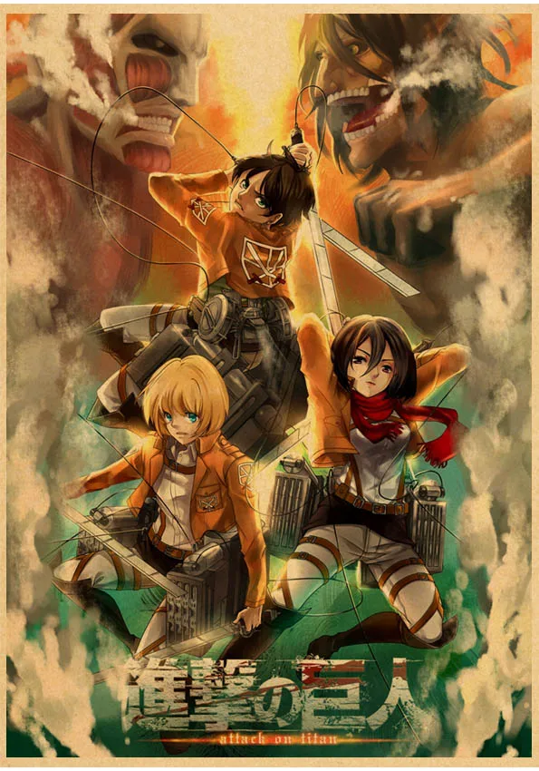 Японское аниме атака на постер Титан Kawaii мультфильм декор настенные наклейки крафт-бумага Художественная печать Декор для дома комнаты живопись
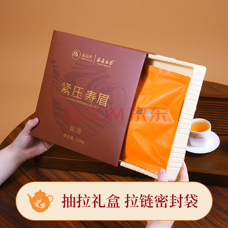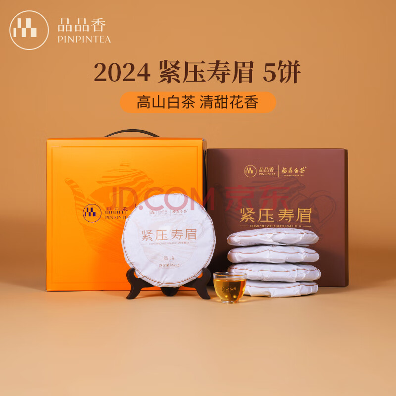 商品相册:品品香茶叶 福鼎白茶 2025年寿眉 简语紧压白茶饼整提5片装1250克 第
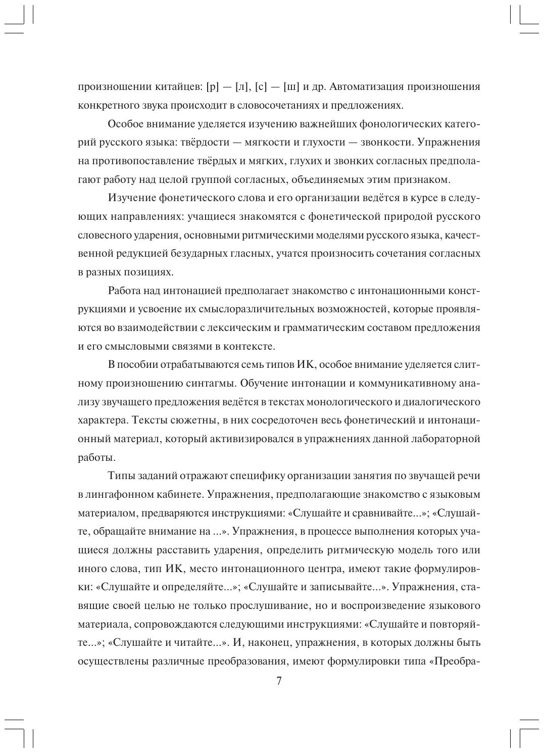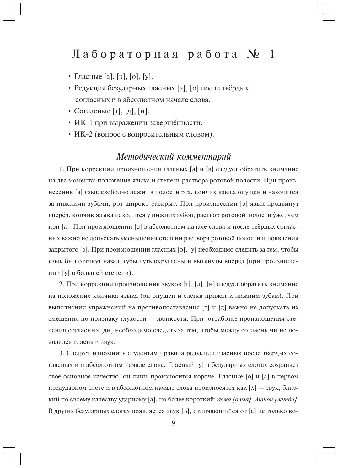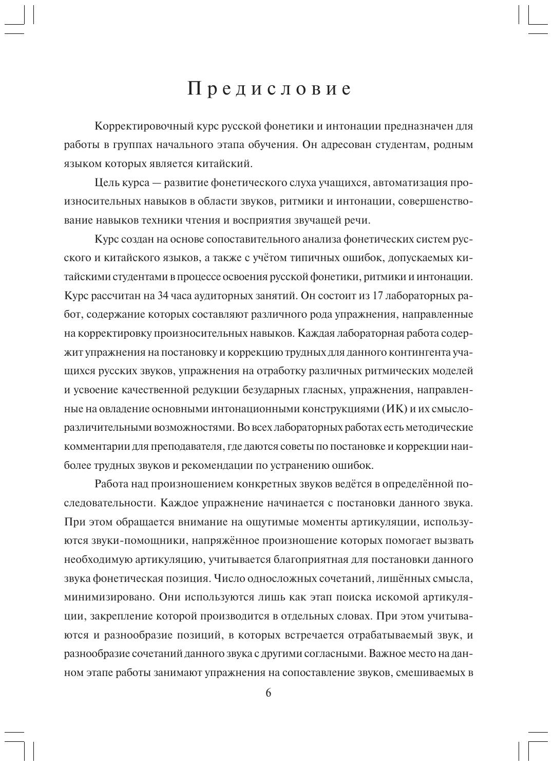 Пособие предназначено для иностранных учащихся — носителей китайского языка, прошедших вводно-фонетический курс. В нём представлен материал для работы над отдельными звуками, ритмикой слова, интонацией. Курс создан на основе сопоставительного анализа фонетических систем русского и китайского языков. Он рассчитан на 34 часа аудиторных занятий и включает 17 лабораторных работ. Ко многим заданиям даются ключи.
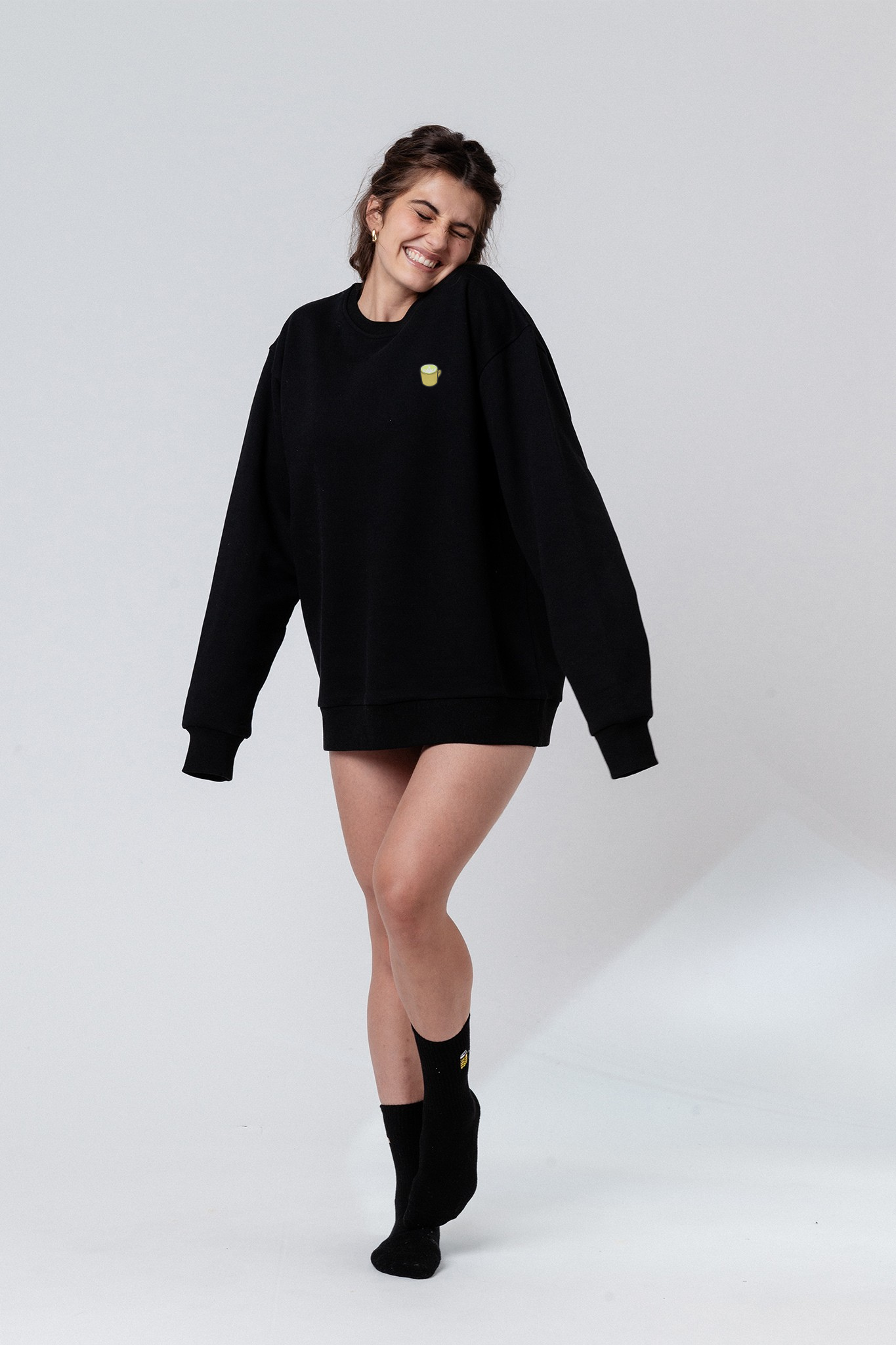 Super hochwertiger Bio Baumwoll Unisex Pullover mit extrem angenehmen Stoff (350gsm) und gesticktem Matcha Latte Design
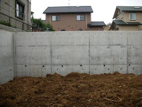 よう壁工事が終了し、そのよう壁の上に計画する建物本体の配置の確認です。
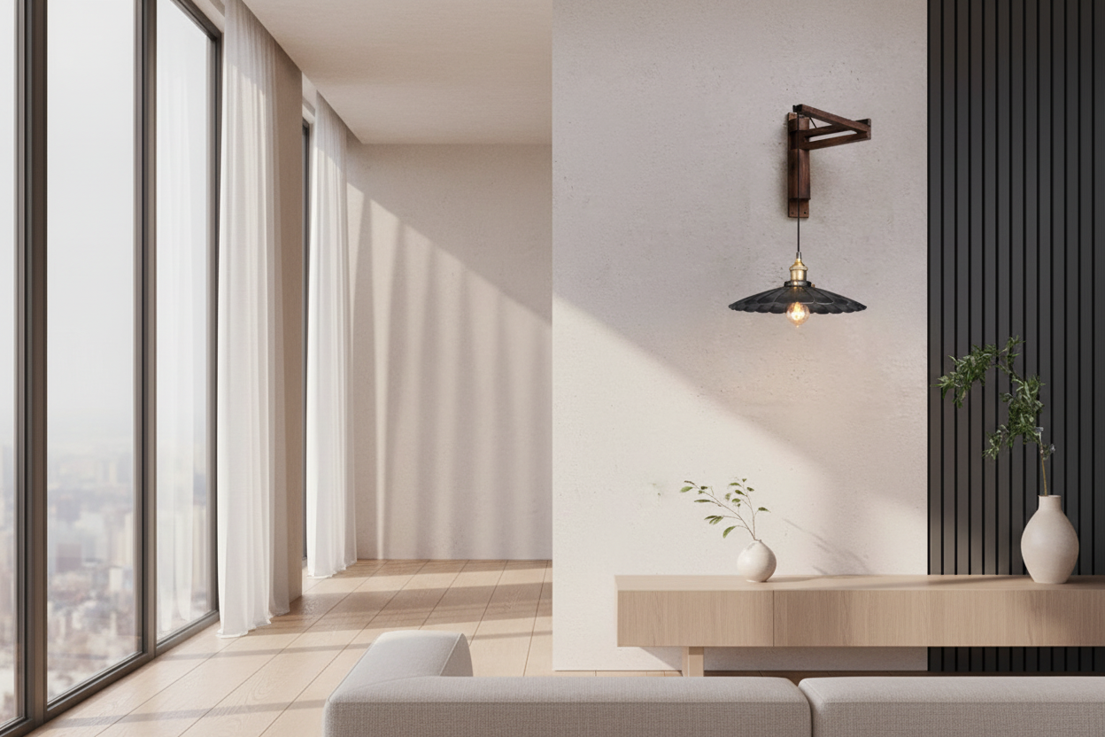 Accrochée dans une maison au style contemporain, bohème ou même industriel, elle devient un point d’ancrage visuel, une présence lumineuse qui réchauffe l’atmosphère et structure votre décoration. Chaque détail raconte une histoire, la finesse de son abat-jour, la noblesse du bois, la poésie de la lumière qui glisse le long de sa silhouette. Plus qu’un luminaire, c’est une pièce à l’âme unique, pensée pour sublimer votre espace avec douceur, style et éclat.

* * * * * * *

GOAL OF THE EXERCISE: Given the listing above, retype only the span of lines from the line with "商品相册:品品香茶叶 福鼎白茶 2025年寿眉 简语紧压白茶饼整提5片装1250克 第" up to and including the line with "Super hochwertiger Bio", exactly as it stands and without pictures.

ANSWER BELOW:
 商品相册:品品香茶叶 福鼎白茶 2025年寿眉 简语紧压白茶饼整提5片装1250克 第
 Пособие предназначено для иностранных учащихся — носителей китайского языка, прошедших вводно-фонетический курс. В нём представлен материал для работы над отдельными звуками, ритмикой слова, интонацией. Курс создан на основе сопоставительного анализа фонетических систем русского и китайского языков. Он рассчитан на 34 часа аудиторных занятий и включает 17 лабораторных работ. Ко многим заданиям даются ключи.
 Super hochwertiger Bio Baumwoll Unisex Pullover mit extrem angenehmen Stoff (350gsm) und gesticktem Matcha Latte Design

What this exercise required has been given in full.